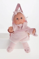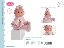 Een schattige pop van het merk Antonio Juan, ideaal als eerste pop voor peuters. Ze heeft een zacht stoffen lichaam, een realistisch hoofd en ledematen van zachte vinyl en wordt geleverd met een magnetische speen. Geselecteerde kledingstukken zijn van biologische katoen, alles verpakt in een cadeauverpakking. Formaat 36 cm, aanbevolen vanaf 18 maanden.
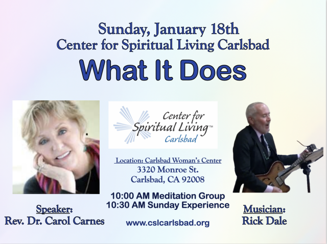 The Center for Spiritual Living Carlsbad provides the spiritual tools, support and practices to transform our lives and make the world a better place. We believe that as we change our thinking, we can change our lives.
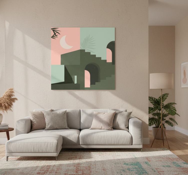 Para aplicar o Poster sala poster para sala com formas em rosa e turquesa, basta escolher um local de destaque na tua sala. A sua instalação é simples e rápida, permitindo que a beleza deste design gráfico se destaque imediatamente. Experimente combiná-lo com outros elementos decorativos para criar um ambiente harmônico e cheio de estilo!
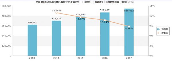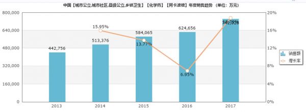 米内网数据库显示,阿莫西林胶囊的市场增长率从2014年到2016年的20%以上,下降到2017年的1.99%,增长速度大幅放缓。2017年市场规模为9.78亿元。
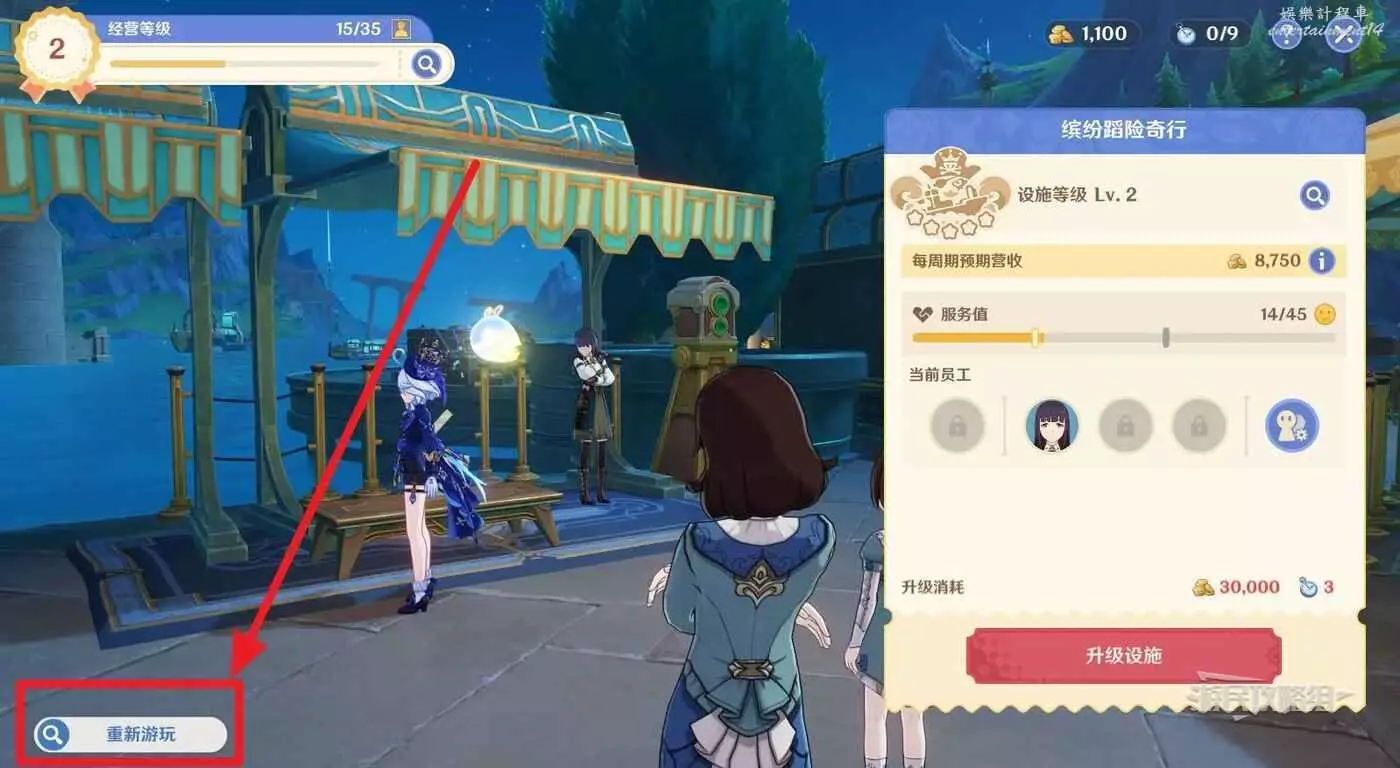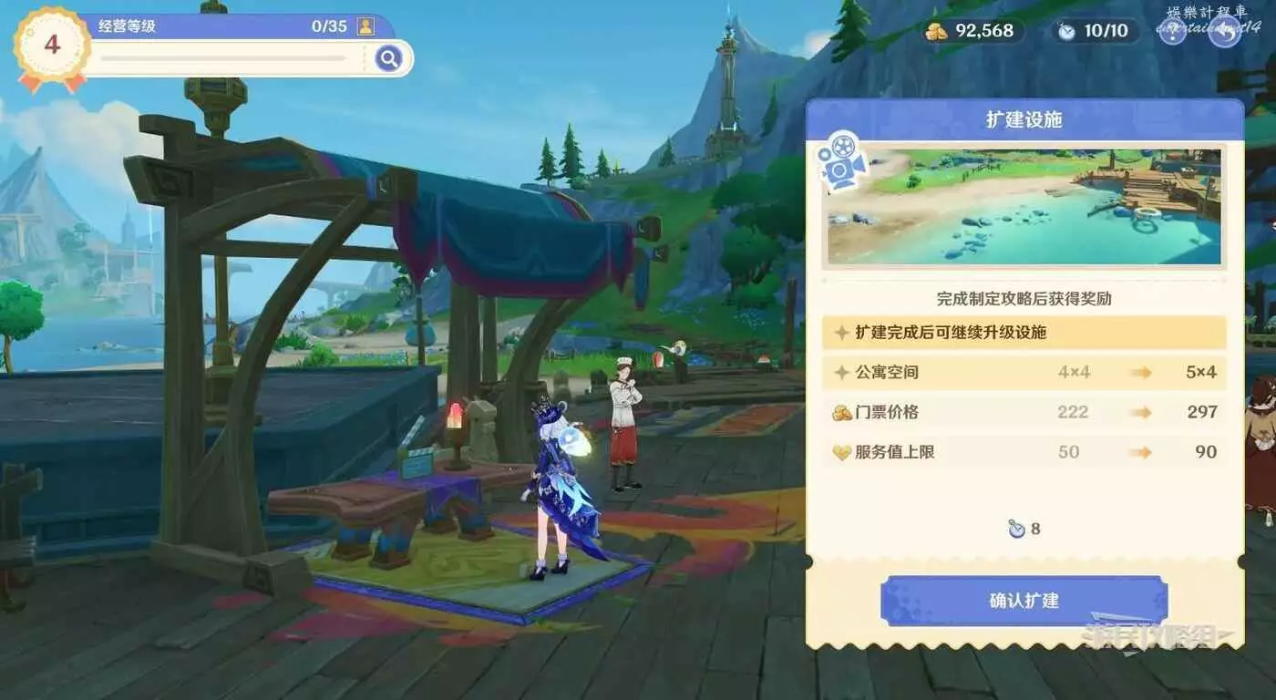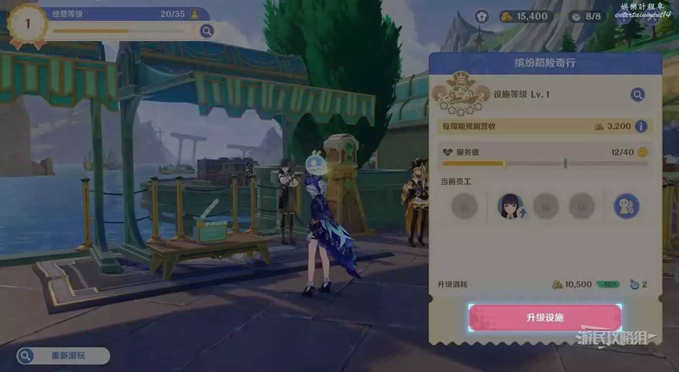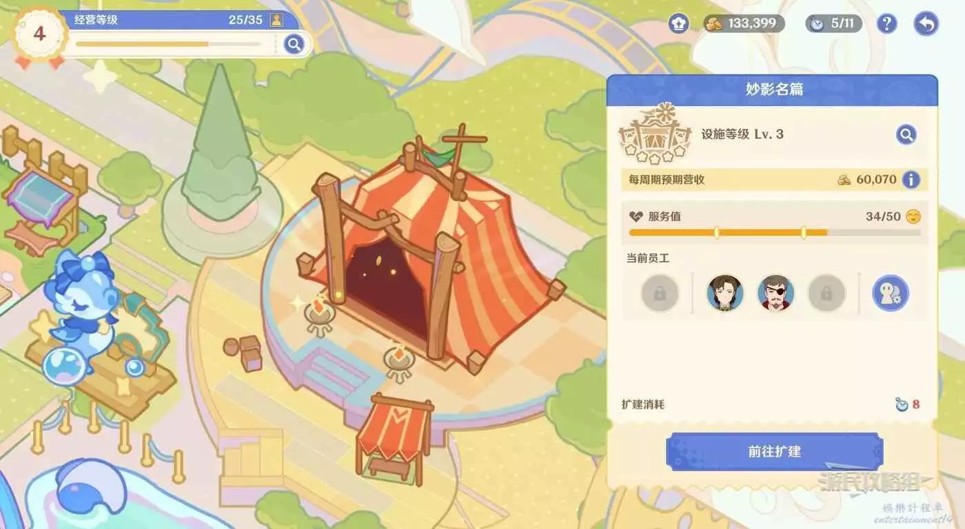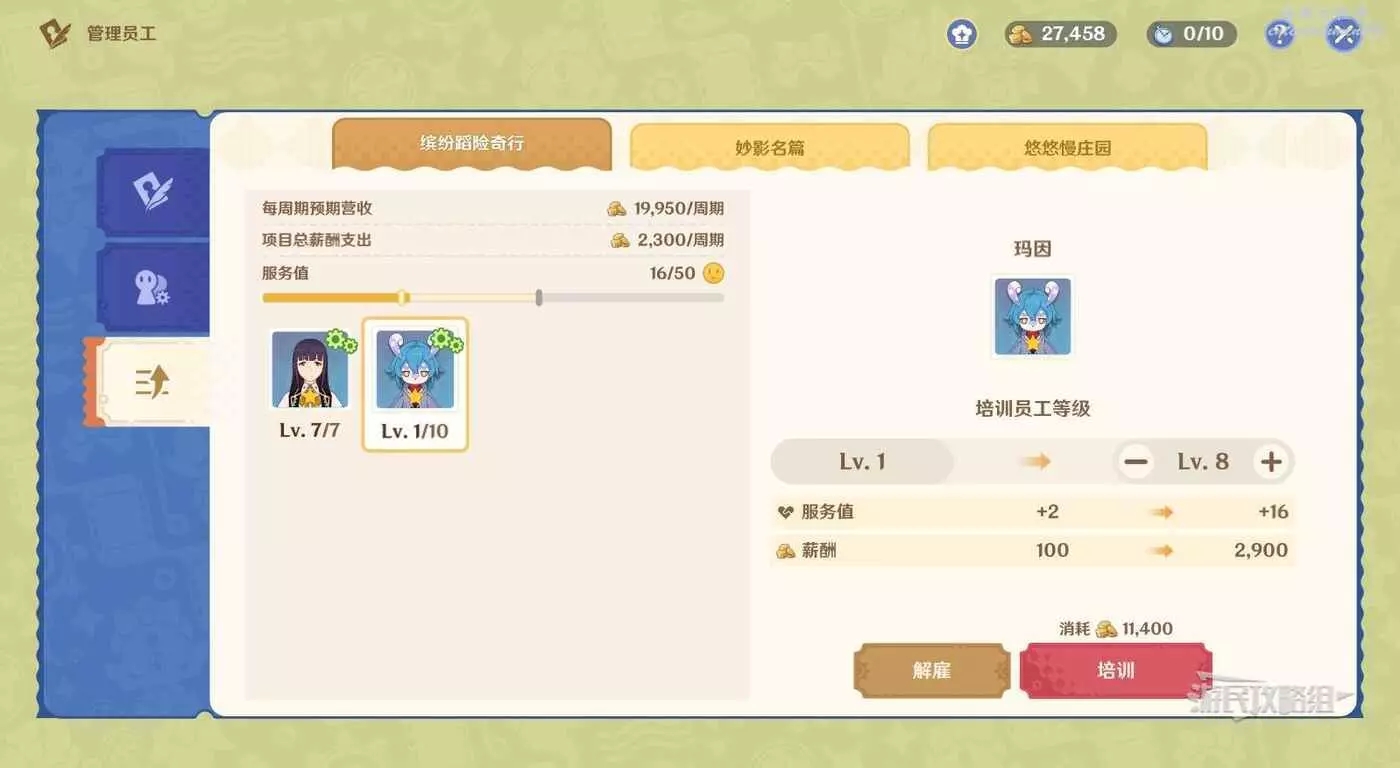 然後升級設施,筆者這裡升級了【悠悠慢莊園】和【繽紛蹈險奇行】。所以需要為這兩處設施搭配新的員工,並且將員工培養至滿足下一個服務階段。
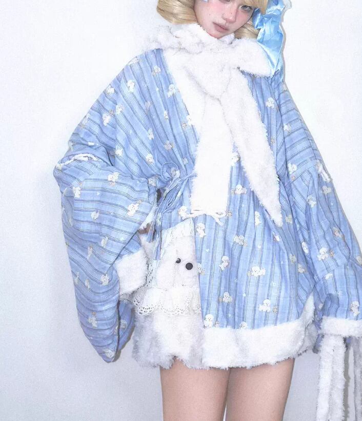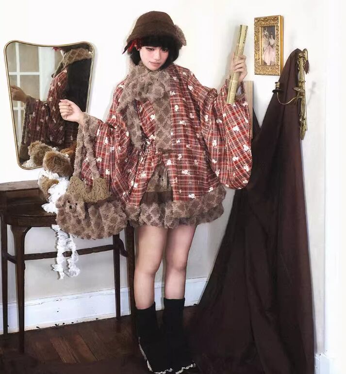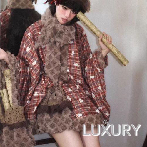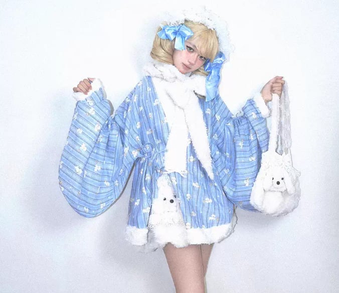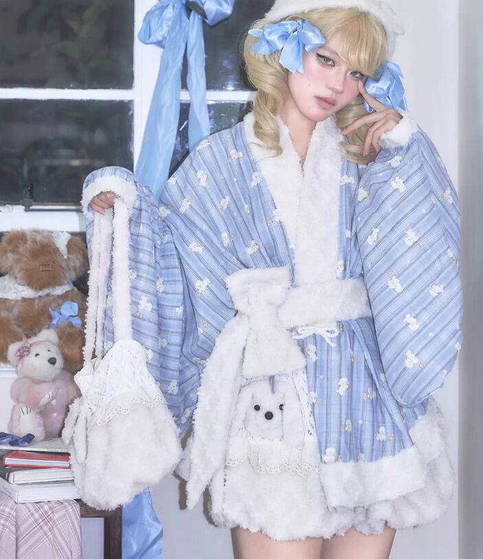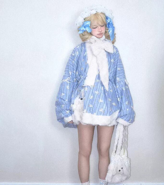 甘ロリ ロリータファッション トップス のみ 2色 もふもふ 小犬 立体感 ファー素材 クロスネック 中国風 チャイナ 童話風 冬 冬物 冬コーデ 冬服 撮影 舞台 撮影用
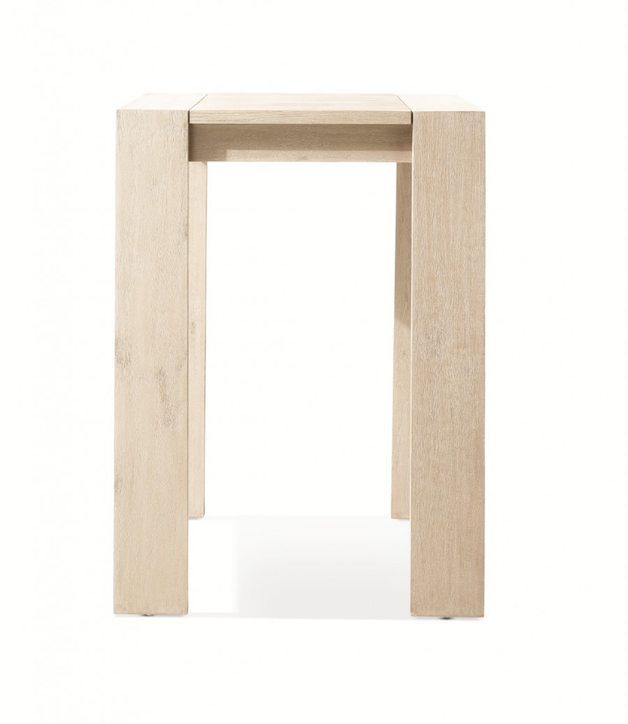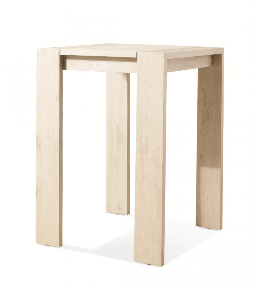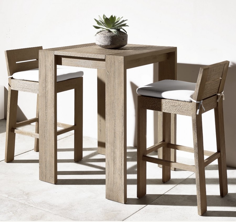 Astra Bar Table / Solid hand crafted premium, sustainable real teak frame for heavy contract use all year round outdoors / Well weighted frame / Available in weathered teak or natural teak / On nylon glides / Slatted top for added detail / Upcharge for outdoor covers / Ideal for all high-end outdoor bar areas for hotels and restaurants, country clubs and retail.
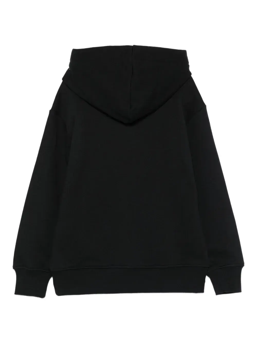 Черный капюшон, карман-кенгуру, длинные рукава, хлопковый материал, графический принт
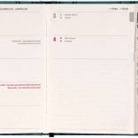 Stílusos heti napló mágneses zárással, amely áttekinthető tervezést kínál horizontális elrendezéssel és jegyzetek számára helyet. Tartalmaz havi áttekintéseket, ideális nyaralások tervezéséhez, ünnepnapokkal és névnapokkal.
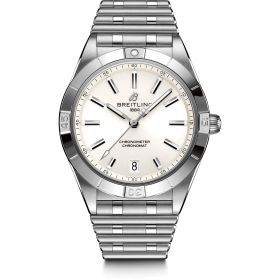 Spotlight auf die Chronomat Uhrenlinie: Der Breitling Chronomat 36 mit Automatikwerk. Dieses Modell mit Edelstahlgehäuse erscheint mit einem speziell lackierten Zifferblatt in weiß. Der Chronomat verkörpert Flair, Selbstbewusstsein und einen aktiven Lebensstil. Der Zeitmesser hat seine Wurzeln in den 1980er-Jahren. Die moderne Uhr mit Retro-Touch begleitet sportlich und doch elegant ihre Trägerin sowohl zum Geschäftsmeeting als auch zum Strand - und wohin der Weg sie sonst noch führt. Wie alle Breitling Uhren sind auch die Chronomat Modelle COSC-zertifizierte Chronometer. Schwimmer, Surfer, Taucher und sogar Badewannennixen werden zu schätzen wissen, dass die Modelle bis 100 Meter wasserdicht sind. Ausgestattet mit dem legendären Rouleaux-Armband mit Doppelfaltschließe. Angetrieben wird der Chronomat Automatic 36 von einem Breitling-Kaliber 10 mit einer Gangreserve von ca. 42 Stunden.
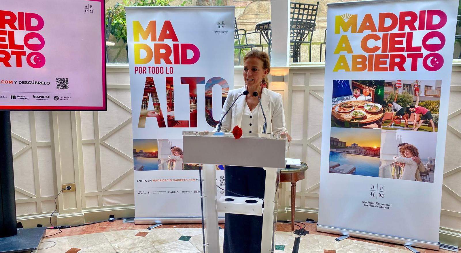 La concejala delegada de Turismo, Almudena Maíllo, ha intervenido hoy en el acto de presentación de la séptima edición de ‘Madrid a cielo abierto’, una iniciativa organizada por la Asociación Empresarial Hotelera de Madrid (AEHM) que se celebrará del 16 al 25 de mayo y que para Maíllo es “un ejemplo extraordinario de cómo los hoteles se abren a la ciudad y cómo Madrid se acerca a los hoteles”. La concejala ha subrayado la importancia del sector hotelero como motor económico, que genera más de 12.000 empleos directos y como dinamizador social, gastronómico, cultural y de ocio para madrileños y visitantes.
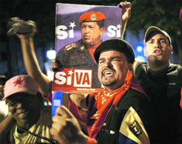 أنصار تشافيز يحتفلون بنتائج الاستفتاء. أ.ب
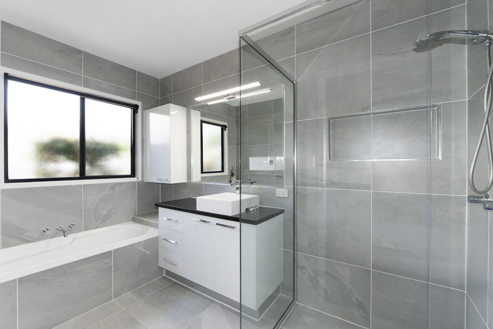 - Fully tiled main bathroom offering a large walk-in corner shower, separate bathtub, and central vanity, serving the additional bedrooms with style; the toilet is separate for added convenience
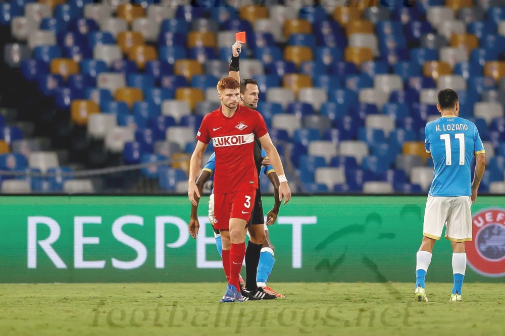 Ключевым эпизодом, который окончательно помог москвичам переломить ход игры, стало удаление крайнего защитника «Наполи» Мариу Руя. Сначала арбитр наказал его желтой карточкой за грубейший фол против Мозеса, но затем посоветовался с ВАРом, сходил к монитору и поменял цвет на красный.
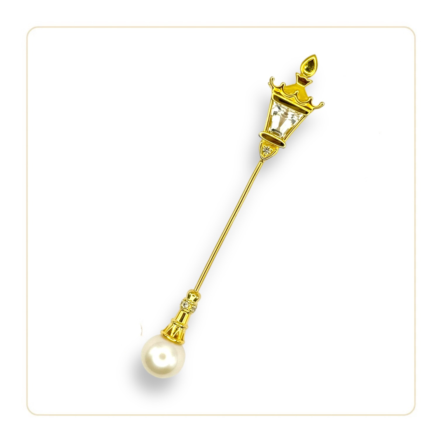 Chaque pièce est incrustée d'un morceau de la pointe du lampadaire des Champs-Élysées, une collection exceptionnelle en édition limitée.Or 1carat et plaqué or, Cristal de Roche, Saphir , Diamand, Perle .
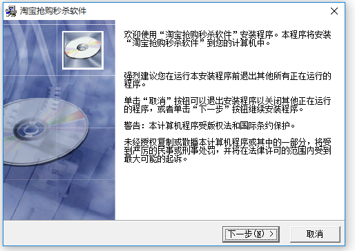 下載淘寶天貓搶購軟件,解壓壓縮包,雙擊.exe文件,彈出界面,根據(jù)向?qū)Р僮鳎?br />
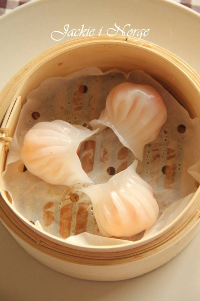 六寸蒸屉垫油纸或胡萝卜(我为了好看,两个都用了),再摆好虾饺
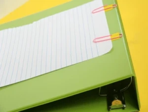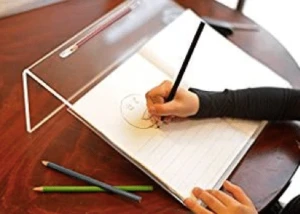 The ideal position is both feet flat on the floor, the back resting against the chair and the arm resting on the desk ideally 2 inches above the elbows when flexed 90°. The posture is called 90/90/90 because of the angle we want the child to form at the hips, knees, and ankles. The best writing surface is a slanted one. This will help keep the head upright and the forearm and wrist in optimal writing positing. An easy modification is to place a 4-inch 3-ring binder turned sideways or a slant board on the child’s desk.
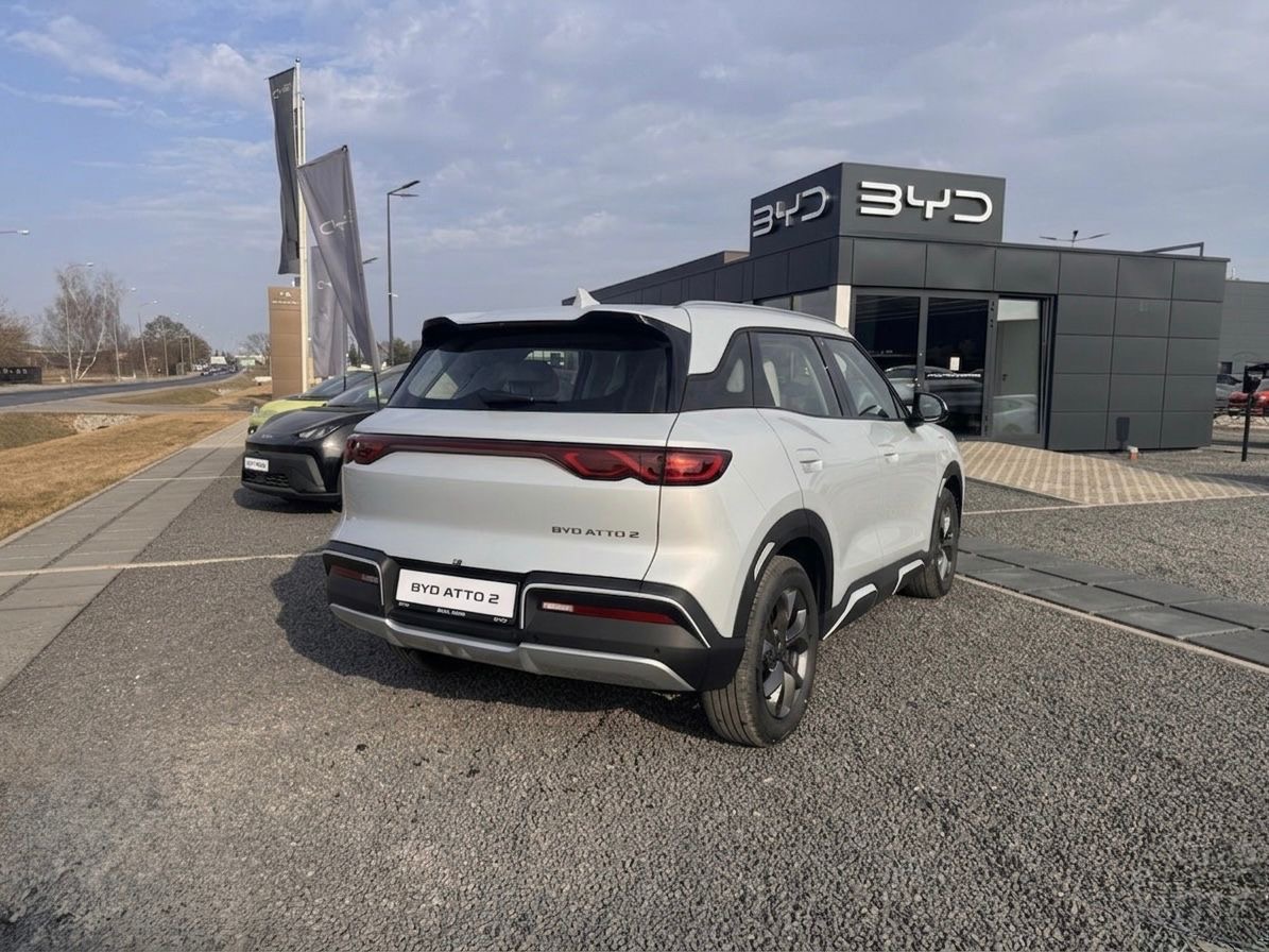 BYD Atto 2 DM-i to nowoczesny, kompaktowy SUV typu plug-in hybrid, który łączy zalety jazdy elektrycznej z dużym zasięgiem i brakiem „range anxiety”. Dzięki technologii Super Hybrid DM-i oferuje cichą i płynną jazdę w trybie elektrycznym na co dzień, a jednocześnie pozwala pokonać nawet około 1000 km na jednym ładowaniu i tankowaniu. Model wyróżnia się funkcjonalnym wnętrzem, nowoczesnymi systemami multimedialnymi oraz wysokim poziomem komfortu i bezpieczeństwa, co czyni go uniwersalnym wyborem zarówno do miasta, jak i w dłuższe trasy.
..........
__WHAT TO DO__.
Starting with the first line of the material above and ending with the line that holds "Черный капюшон, карман-кенгуру, длинные", write out those lines exactly, without pictures.

__OUTPUT__.
 Een schattige pop van het merk Antonio Juan, ideaal als eerste pop voor peuters. Ze heeft een zacht stoffen lichaam, een realistisch hoofd en ledematen van zachte vinyl en wordt geleverd met een magnetische speen. Geselecteerde kledingstukken zijn van biologische katoen, alles verpakt in een cadeauverpakking. Formaat 36 cm, aanbevolen vanaf 18 maanden.
 The Center for Spiritual Living Carlsbad provides the spiritual tools, support and practices to transform our lives and make the world a better place. We believe that as we change our thinking, we can change our lives.
 Para aplicar o Poster sala poster para sala com formas em rosa e turquesa, basta escolher um local de destaque na tua sala. A sua instalação é simples e rápida, permitindo que a beleza deste design gráfico se destaque imediatamente. Experimente combiná-lo com outros elementos decorativos para criar um ambiente harmônico e cheio de estilo!
 米内网数据库显示,阿莫西林胶囊的市场增长率从2014年到2016年的20%以上,下降到2017年的1.99%,增长速度大幅放缓。2017年市场规模为9.78亿元。
 然後升級設施,筆者這裡升級了【悠悠慢莊園】和【繽紛蹈險奇行】。所以需要為這兩處設施搭配新的員工,並且將員工培養至滿足下一個服務階段。
 甘ロリ ロリータファッション トップス のみ 2色 もふもふ 小犬 立体感 ファー素材 クロスネック 中国風 チャイナ 童話風 冬 冬物 冬コーデ 冬服 撮影 舞台 撮影用
 Astra Bar Table / Solid hand crafted premium, sustainable real teak frame for heavy contract use all year round outdoors / Well weighted frame / Available in weathered teak or natural teak / On nylon glides / Slatted top for added detail / Upcharge for outdoor covers / Ideal for all high-end outdoor bar areas for hotels and restaurants, country clubs and retail.
 Черный капюшон, карман-кенгуру, длинные рукава, хлопковый материал, графический принт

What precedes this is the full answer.